In the end the big question is probably whether or not to include it into NumPy proper (especially if it only works on some systems) and the answer to that should be discussed on the list.

charris · 2016-04-10T15:30:21Z

Note that if tests are in numpy/core, the implementation should also be there.

…ponding test suite.

matejak · 2016-04-10T21:11:03Z

Thank you for your suggestions, I will certainly post to the mailing list, but polishing the request a bit first seems as a good idea to me.

Anyway, good news everyone --- I have checked today and I have been able to get it working on MS Windows too.

shoyer · 2016-04-10T23:37:19Z

numpy/doc/shm.py

+to stay the same even if you use the :mod:`threading` module due to a
+CPython feature called `GIL <https://wiki.python.org/moin/GlobalInterpreterLock>`_
+(global interpreter lock). GIL ensures that only one thread is active
+at a time, so threre is no true multitasking.


This is not quite right. Many operations with NumPy/SciPy/pandas release the GIL, which makes multi-threading quite variable. Alternatively, IO also generally also releases the GIL. So multi-threading is only not viable if the inner loop of your code is in pure Python.

Also there is a typo in threre

@Nodd The typo is fixed.
@shoyer As I have explained in the ML, I see the main benefit of this PR in use cases when for third-party modules that do complicated calculations (involving creation of Python objects) that have a numpy interface.
I totally agree with you that NumPy/SciPy/pandas don't fall into this cathegory.

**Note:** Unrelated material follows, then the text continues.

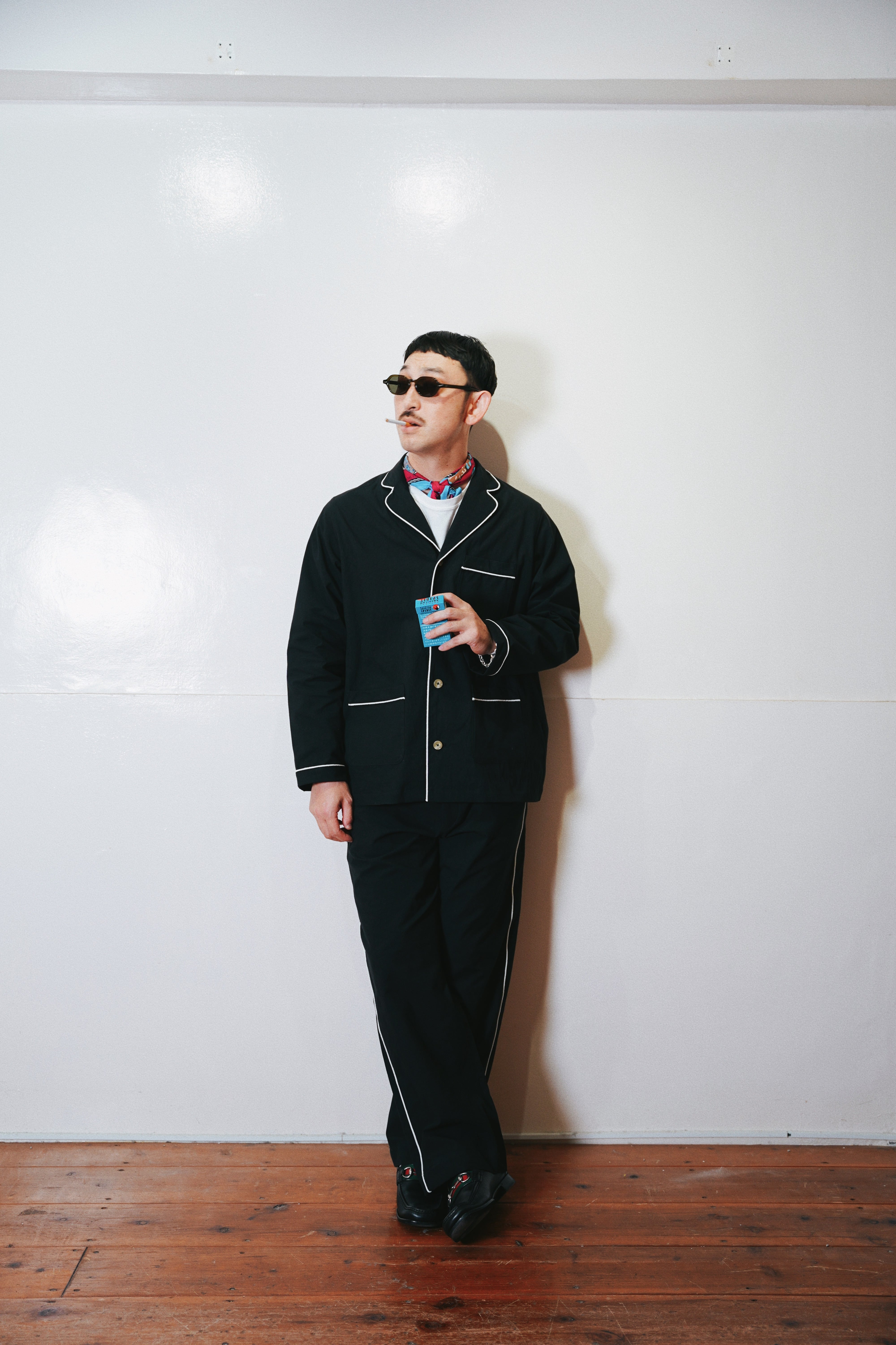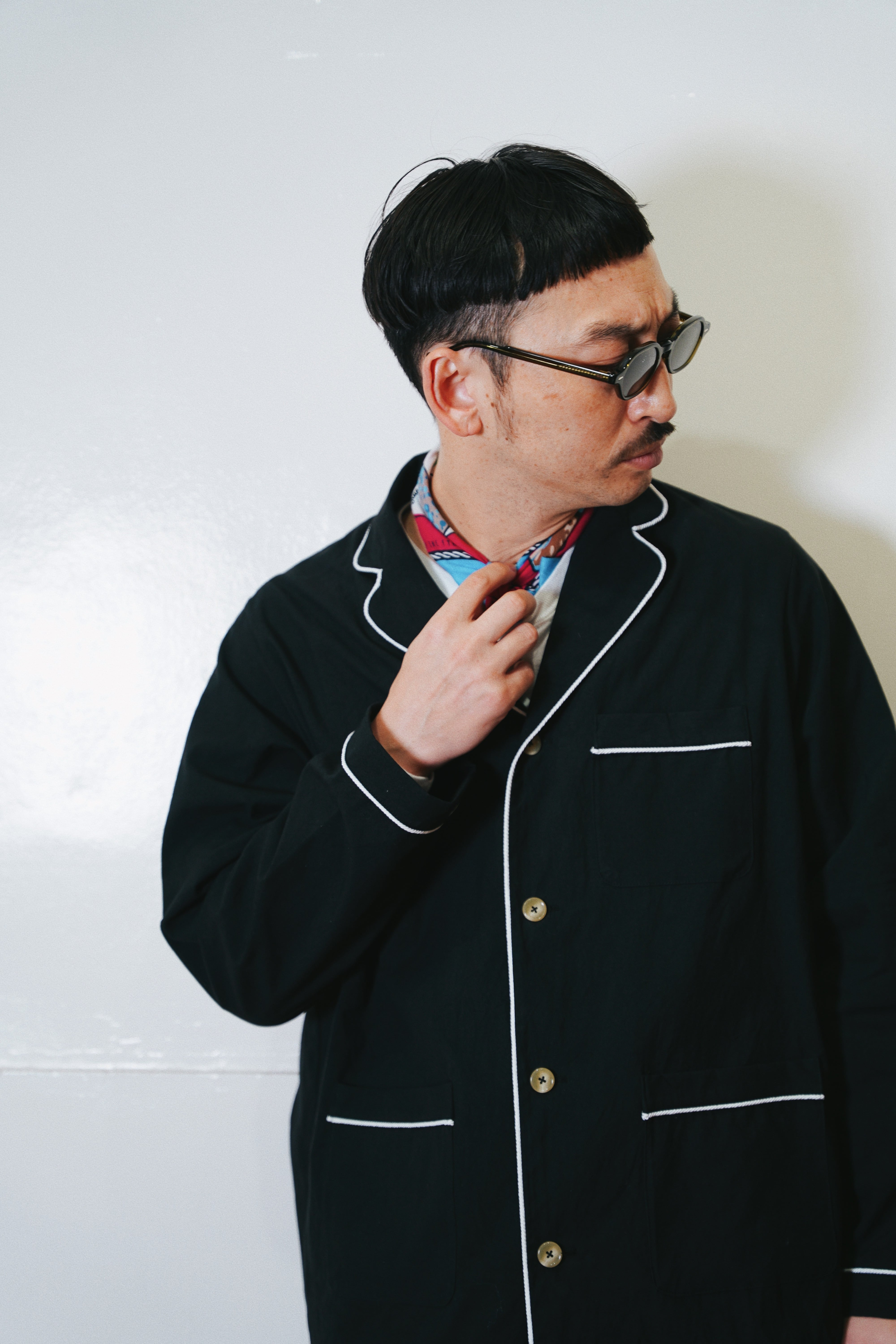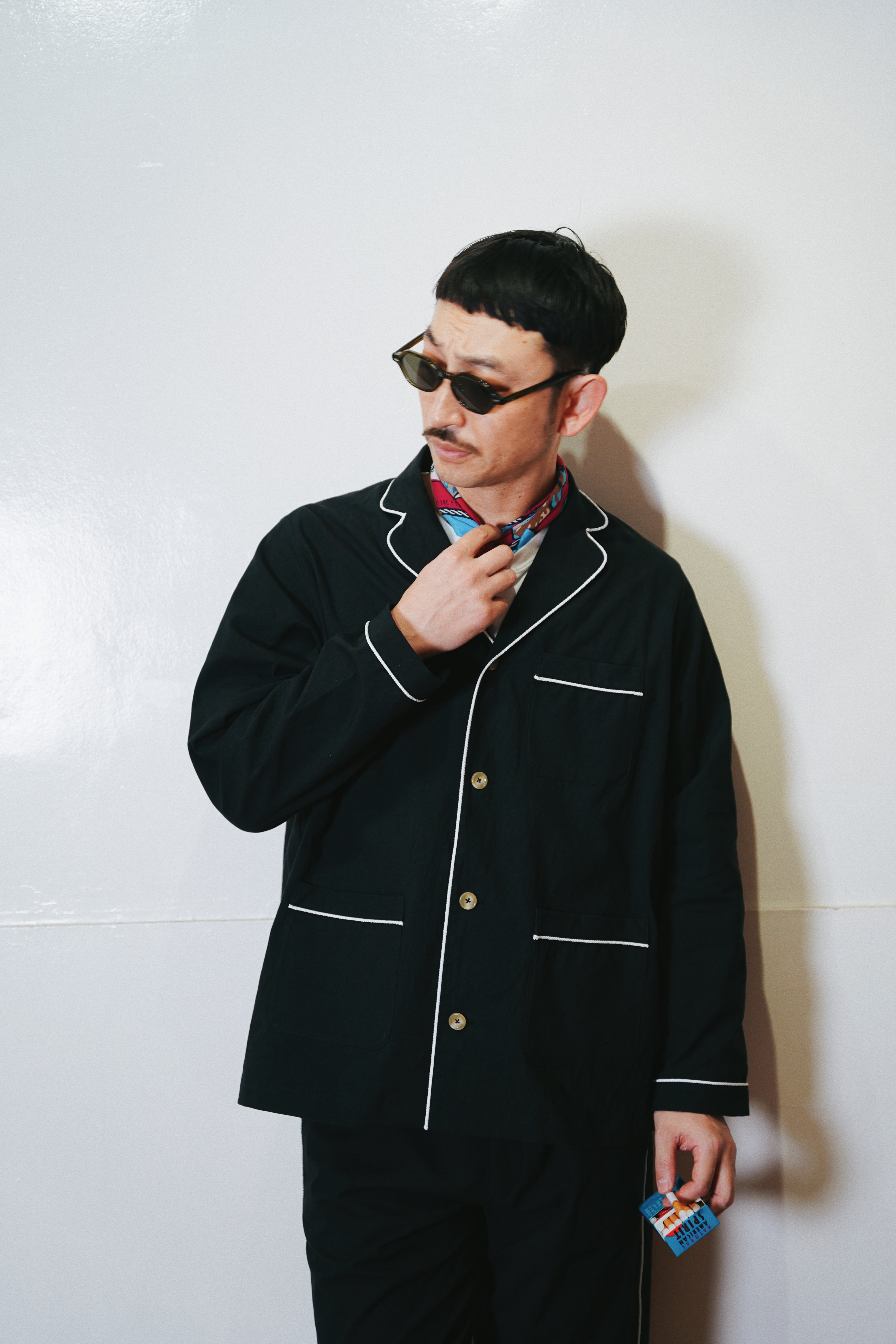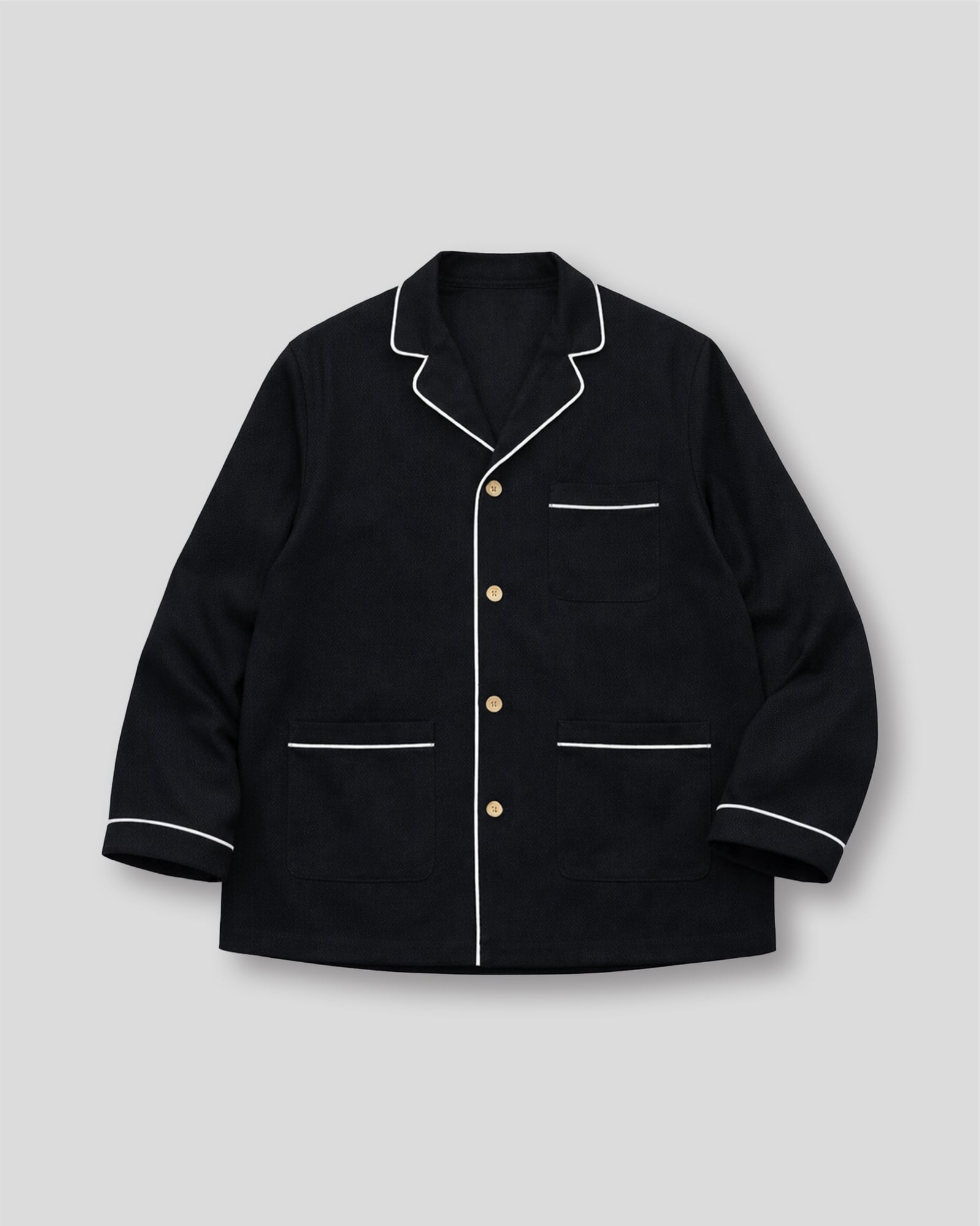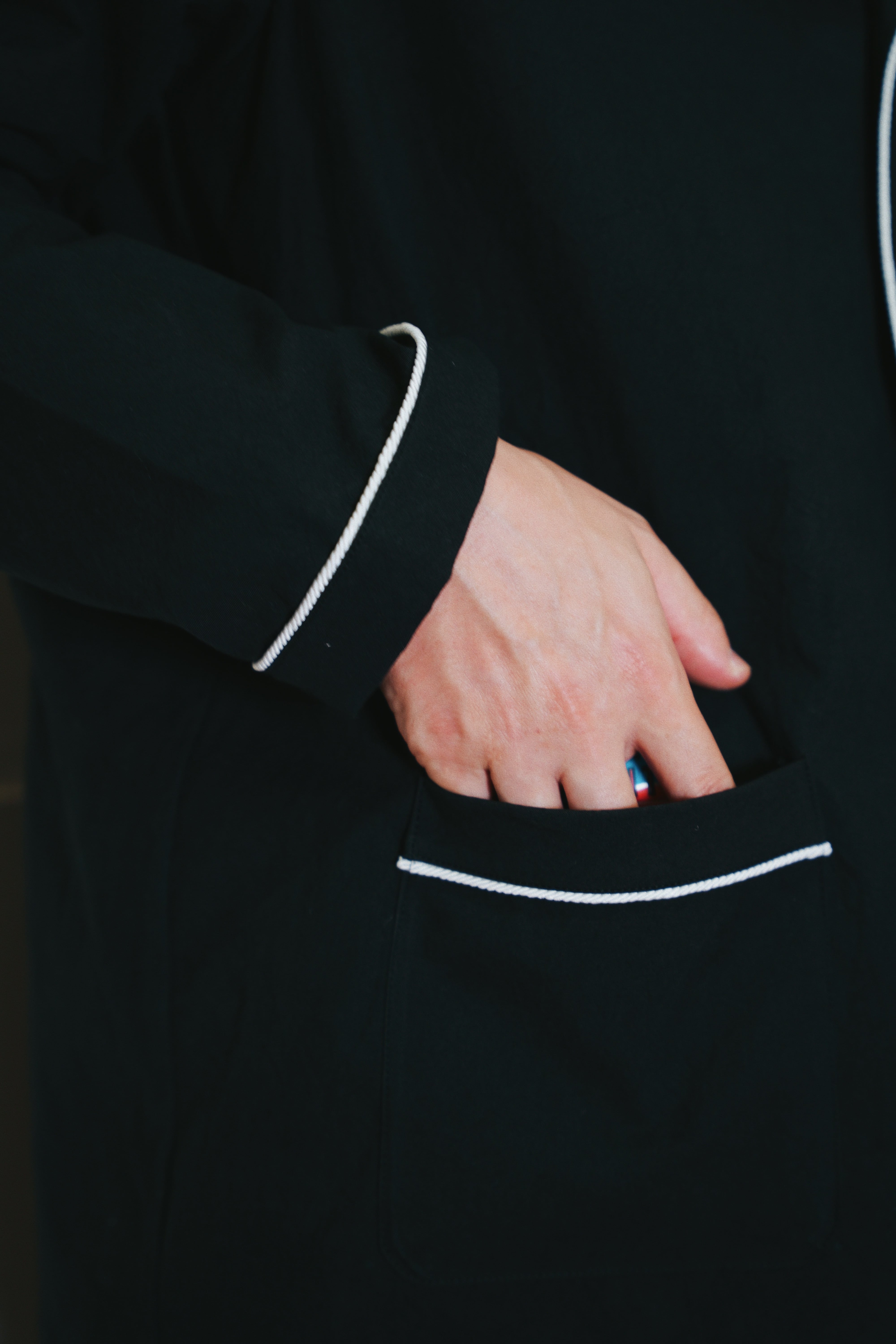 インナーとしてもアウターとしても、柄物など何にでも合わせられる万能アイテムながら通常のパジャマシャツにはないロープパイピングやポケットの配置がアクセントに。

shoyer · 2016-04-11T00:28:02Z

This needs tests and justification for custom pickling methods, which are not used in any of the current examples. I'm pretty sure the reason why they exist is so you can pass these arrays into methods like multiprocessing.Pool.apply_async, concurrent.futures.Executor.submit or joblib.Parallel as an argument. If that works, I would definitely use it for the examples -- it's much cleaner form to pass around arrays as arguments instead of relying on global variables.

I do see some value in providing a canonical right way to construct shared memory arrays in NumPy, but I'm not very happy with this solution, because it appears to require convoluted and error prone setup (you definitely need to create shared memory arrays in the parent process before launching any subprocesses) and terrible code organization (with the global variables). Frankly, I would switch to using something like Numba or Cython for my inner loop (or another programming language without the GIL) before I would suggest adopting the current approach.

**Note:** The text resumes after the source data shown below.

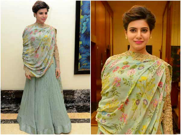 She completed the look with Amrapali Jewellery. The pale gold embroidery, holding the drapes across the shoulder, also complemented the look quite well. Do let us know what you thought of Samantha's outfit.
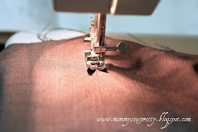 9. For the waistband, I've this beautiful elastic band that I bought from the Textile Centre but have not found the use for it. The color simply match the pants and added the nice color to it. The method is the same as how I sew the circle skirt.
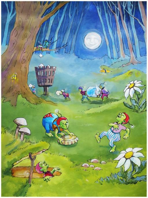 An illustration for a children's book - awaiting approval by the author. There have been a few changes already so I doubt this will be the final version. These are the little creatures that live underground and come out at night to tidy up the parks and woodlands.
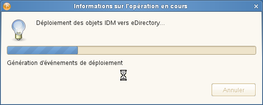 Designer affiche une fenêtre de progression montrant les objets en cours de déploiement :
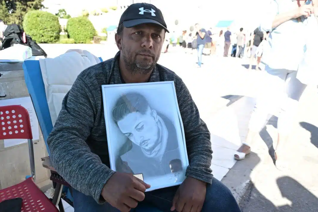 Από το πρωί της Δευτέρας (15/9) παραμένει στο σημείο όπου είναι χαραγμένο το όνομα του γιου του, στο αυτοσχέδιο μνημείο που έχει στηθεί μπροστά από το Μνημείο του Άγνωστου Στρατιώτη, στη Βουλή και δηλώνει πως «δεν πάει άλλο».
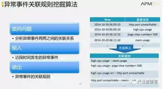 上图是故障传播链,当应用层、业务层发生故障的时候,如果有故障传播图,就可以从中找到对应时间范围内的相关事件。如果有就沿着传播链继续往找,直至找到根因。我们希望能得到这样的故障传播图,但是很多软件之间的模块关系很复杂,很难描述。另外,刚才提到的调用关系,即A模块调B模块,并不代表A发生异常就会导致B发生异常,而是还有很多其他的因素。 通过机器学习算法挖掘各种关联关系,再辅以模块调用关系链,则构建准确完整的调用关系链就相对比较容易了。 挖掘关联关系包括之前阐述过的KPI聚类,KPI关联分析,下面我们再讲述另外的两个算法。
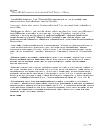 newss.pl VB Leasing Polska SA usprawnia raportowanie dzięki Oracle Business Intelligence · Oracle Polska informuje, że w firmie VB Leasing Polska SA zakończyła się pierwsza faza instalacji systemu analitycznego Oracle Business Intelligence Enterprise Edition Plus. System został wdrożony siłami własnymi Departamentu Informatyki firmy, przy wsparciu doradczym konsultantów Oracle Polska. · Zakończony został pilotażowy etap wdrożenia, w którym zdefiniowano najważniejsze obiekty i procesy biznesowe, by pozwolić kluczowym użytkownikom na rozpoczęcie pracy z systemem. Wprowadzony system pozwolił na samodzielne wykonywanie raportów potrzebnych w codziennej działalności. Po zakończeniu fazy pilotażowej projektu, Departament Informatyki VB Leasing Polska SA planuje kolejny etap wdrożenia, w którym będą zrealizowane pozostałe funkcjonalności pakietu Oracle, a zakresem działania systemu zostaną objęte pozostałe obszary biznesowe firmy. · System analityczny Oracle zaspokoi wszelkie wymagania raportowe VB Leasing, pozwalając generować raporty na własne potrzeby poszczególnych departamentów, analizy dla Zarządu oraz dla centrali Holdingu VB-Leasing International, do którego należy VB Leasing. "Wdrożenie pakietu Oracle BI diametralnie zmienia model tworzenia analiz i raportów w naszej firmie" – mówi Beata Sosnowska, szef Departamentu IT i Organizacji VB Leasing Polska SA. · Zaletą nowego modelu raportowania w produkcie Oracle jest fakt, że wszystkie analizy mogą być dokonywane na bieżąco i na podstawie codziennie aktualizowanych danych; dzięki temu można na bieżąco obserwować zmiany w procesach biznesowych i śledzić w czasie rzeczywistym wszystkie procedury oraz inne zdarzenia związane z umowami leasingowymi. · Pakiet Oracle daje możliwość generowania przekrojów szczegółowych - według kryteriów takich, jak przedmiot, czy data umowy, procedura, dostawca lub pośrednik. Daje to możliwość szybszej reakcji na zmiany sytuacji rynkowej, czy nieprawidłowości w procesach podejmowania decyzji kredytowych. "Ponadto raporty nie są zdefiniowane na stałe – użytkownik może sam określić zakres informacji, które będą ujęte w raportach. Jeśli uzna, że potrzebne mu są dane bardziej szczegółowe, wówczas system daje możliwość drążenia wstecz w głąb procesów – aż do poziomu pojedynczej transakcji" – wyjaśnia Lech Stabiszewski, Dyrektor Departamentu Zarządzania Ryzykiem VB Leasing Polska SA. · Podstawowe cechy pakietu Oracle, które są najbardziej cenione przez jego użytkowników, to ciągły dostęp do wiarygodnych i jednolitych danych, łatwa publikacja raportów, proste definiowanie logiki analitycznej oraz możliwość dostępu z dowolnego miejsca na świecie przez przeglądarkę http://WWW. "W systemie takim jak Oracle BI, kluczowa jest szybkość dostępu do danych, decyduje bowiem o sprawności prowadzenia naszego biznesu. Imponująca jest także szybkość wykonywania raportów - zestawienie, które kiedyś było robione kilka dni, teraz wykonuje się kilkoma kliknięciami myszki" – dodaje Beata Sosnowska. Oracle Polska strona 1 / 1

If there's some way to we can paper over the boilerplate such that users can use it without understanding the arcana of multiprocessing, then yes, that would be great. But otherwise I'm not sure there's anything to be gained by putting it in a library rather than referring users to the examples on StackOverflow [1] [2].

In my mind, there is roughly an appropriate level of boilerplate for user code:

def do_something(shape, args):
    shared_array = np.shared_empty_array(shape)
    joblib.Parallel(delayed(func)(shared_array, other, ...) for other in args)

Finally, even if this can be done cleanly it's not clear to me that this belongs in NumPy. Joblib already solves exactly this sort of problem. Because it write temporary files to /dev/shm/ if available, this is basically a solved problem on Linux.

[1] http://stackoverflow.com/questions/10721915/shared-memory-objects-in-python-multiprocessing
[2] http://stackoverflow.com/questions/7894791/use-numpy-array-in-shared-memory-for-multiprocessing

matejak · 2016-04-11T12:42:30Z

The discussion not concerning implementation details is likely to move to the ML:
https://mail.scipy.org/pipermail/numpy-discussion/2016-April/075342.html

…iprocessing pool case.

…rray

matejak · 2016-04-18T20:26:41Z

I have added a quite complete example of a module that wraps around multiprocessing.Pool and that can also perform progress notification. I believe that some of the boilerplate can be avoided by introducing factory functions, would you like me to look into that?

charris · 2016-05-09T18:48:25Z

The concurrent module is new in Python 3.2 so not available in 2.7. Tests and whatever else needs to be fixed to account for that.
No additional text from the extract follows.